El ceramista, cuando se enfrenta a una pieza, siempre tiene presente que su contacto con la arcilla va a transformar el barro y que la fascinación de su trabajo radica, precisamente, en esa transformación.
Cuando modela, esmalta, tornea , diseña o cuece, está entablando una batalla pacifica o feroz -quien sabe- con el medio para transformarlo.
El medio es plástico, es suave y se deja, porque dentro de sí lleva lo que quiere el ceramista y él lo ve; percibe lo que quiere sacar de su interior.
Unas veces lo consigue y otras no, unas veces la transformación va surgiendo ante sus ojos y otras tiene que esperar distintos medios -como el fuego- para poder observarla.

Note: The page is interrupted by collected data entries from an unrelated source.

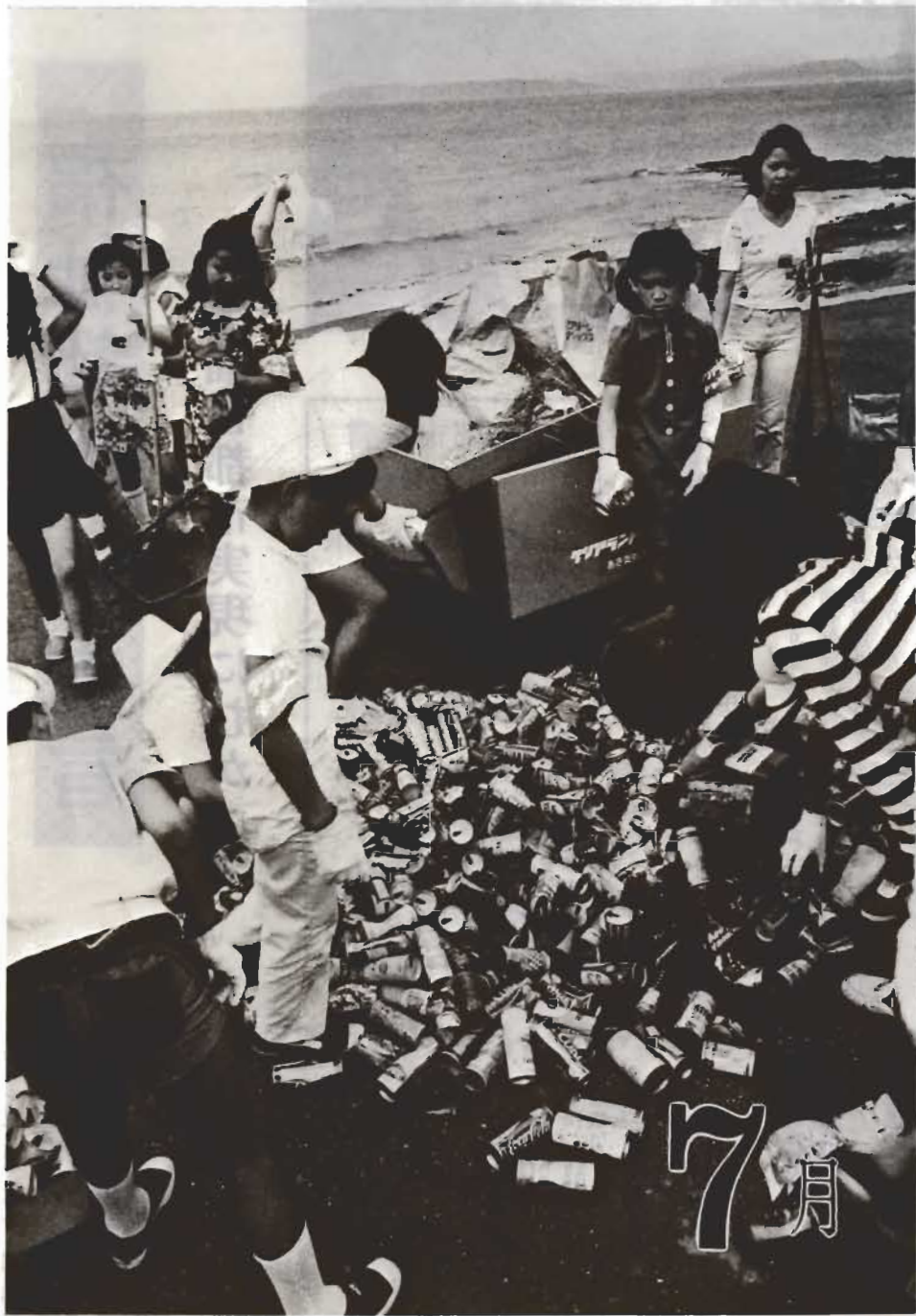
「ワー、こんなに集まった」本格的な海水浴シーズンを前に、さる七月十日、東小学校の生徒百人が海岸に捨てられた空きかん回収作戦を展開しました。購買意欲をかきたてるメーカーの宣伝、おしよせる観光客、むさうさに捨てられるゴミ……。ボクたちの遊び場である美しい海岸をもうこれ以上よこさないで！子どもたちの声は切実です。(写真は西岬海岸で)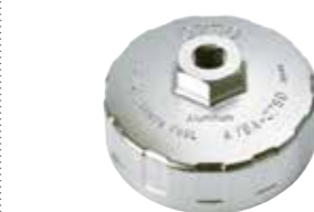
カップ型オイルフィルタレンチ No.AVSA-075D 小売参考価格 ¥3,350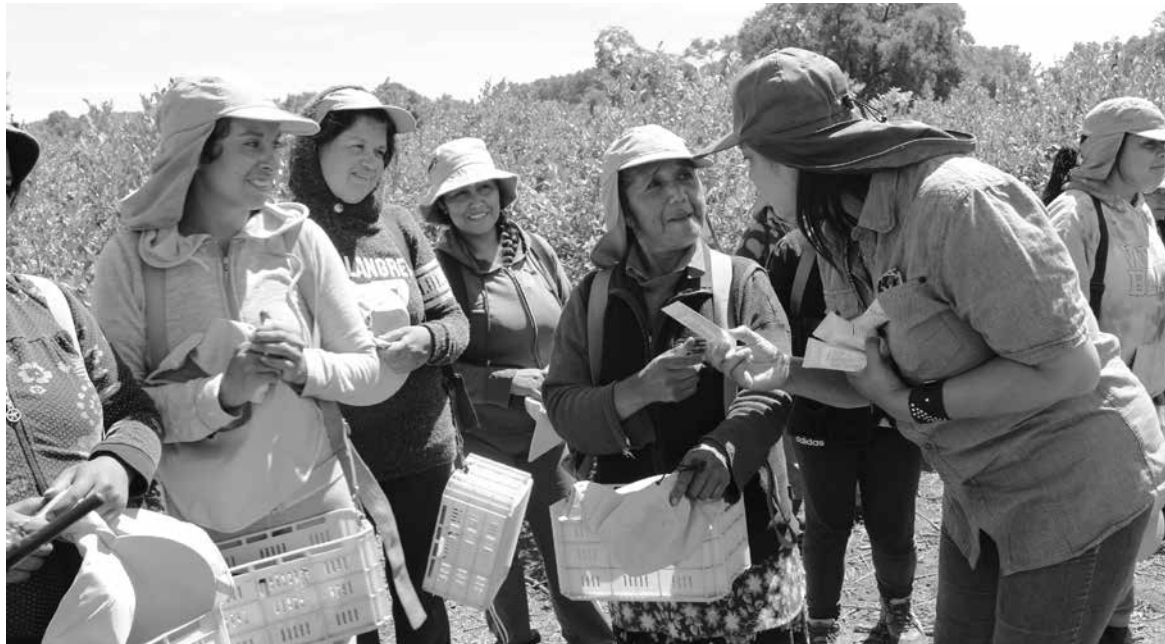
EN LA ACTIVIDAD, además, se hizo entrega a los trabajadores y trabajadoras de elementos de seguridad y protección muy necesarios en esta época.

“Señalar que el empleador está obligado, entre muchos otros aspectos, pero para efectos del calor, entregar el gorro legionario para todos los trabajadores, bloqueador con buen protector solar, verificar que sea aplicado entre las 11 y 17 horas, que es la hora de más calor, y, además una hidratación con agua potable fresca y constantemente, que son las medidas que se toman en esta ola de calor”, concluyó la seremi del Trabajo en Biobío.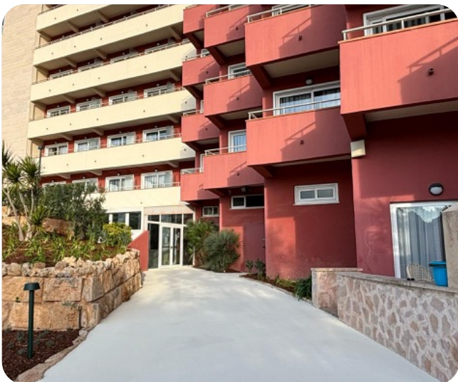
Elementos técnicos: Zonas en las que el cuidado estético y la seguridad han sido tomados en cuenta.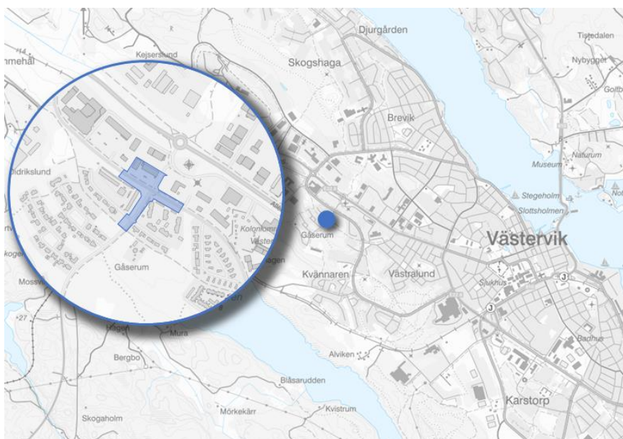
Figur 1. Planområde i Didrikslund.

Syftet med planen är att möjliggöra för en cirkulationsplats i korsningen Folkparksvägen och Vattentornsvägen. Planen syftar även till att utveckla cykelvägnätet och säkrare gångpassager. Befintliga verksamhets- och handelstomter ges ny användningsbeteckning med syfte att anpassa bestämmelsen till rådande rekommendationer från Boverket.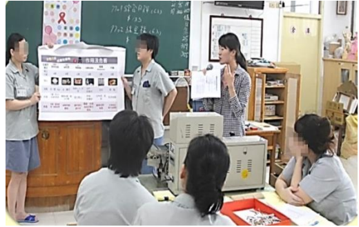
衛生所醫護人員到女所工場 對女受刑人做 HIV/AIDS 衛教知識宣導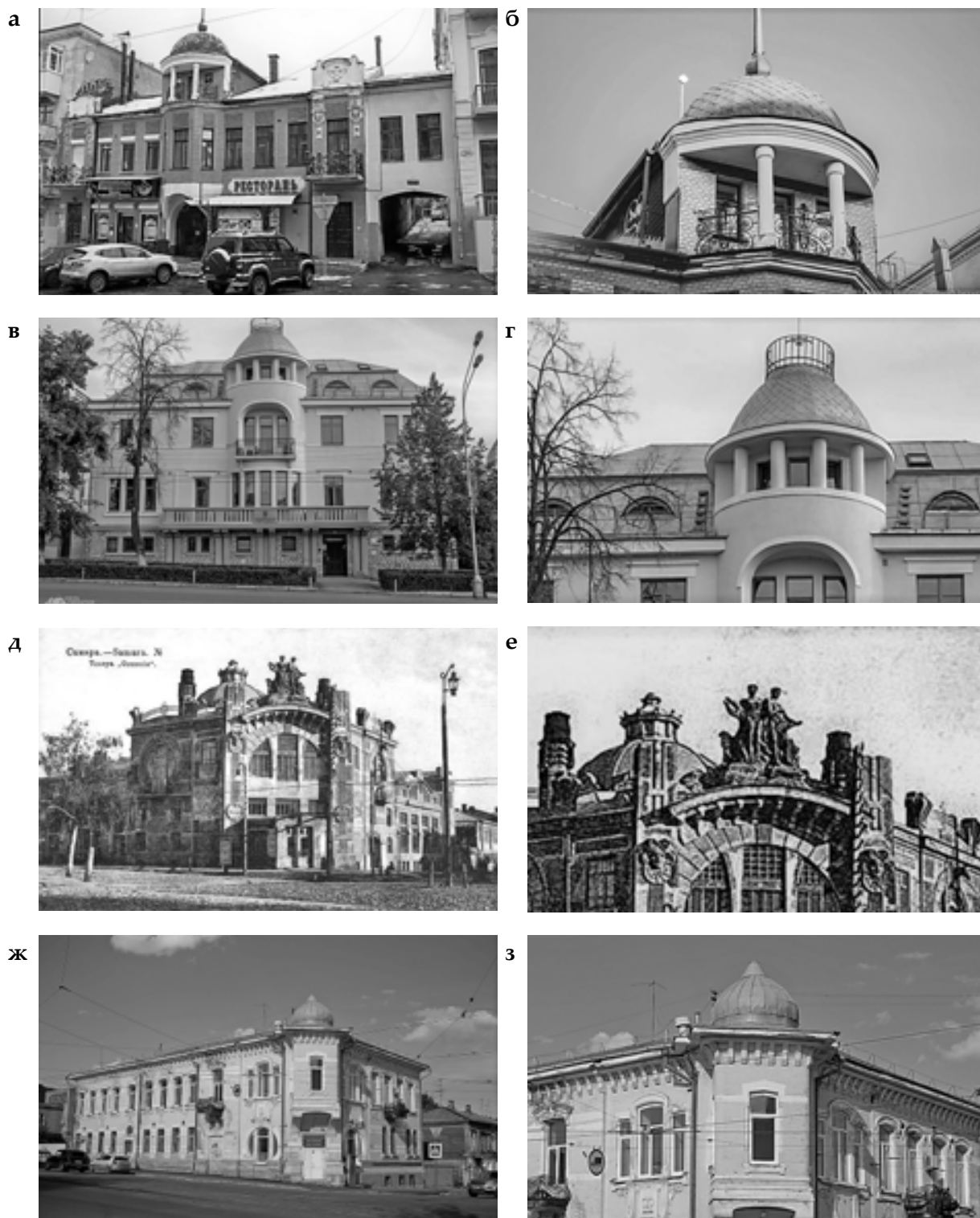
Рис. 1. Шлемовидные сферические купола Самары: а, б – здание П.П. Головкина на ул. Ленинградской, 22 с невысоким сегментом купольной сферы; в, г – особняк А. фон Вакано на ул. Шостаковича, 3 с высокой купольной сферой и балкончиком; д, е – Театр-цирк «Олимп» на ул. Фрунзе, 141 с высоким зонтичным куполом и световым фонарём; ж, з – особняк Благовещенского на ул. Фрунзе, 43 с килевидным куполом, перетянутым декоративным ленточным поясом

El bruñido es una de las primeras.
Le haces frente a una figura tenue, deslucida, un poco húmeda y áspera. Puliéndola vas transformando la superficie en cristalina. Aflora entonces un espejo en el que te reflejas y la obra va adquiriendo como una piel, como un pijama que tu le pones.
Estás vistiéndola y ella te lo agradece porque sus formas resaltan y se hacen más gráciles, más suaves y elegantes.
El Bruñido es una de esas magias que fascinan, sin ninguna duda.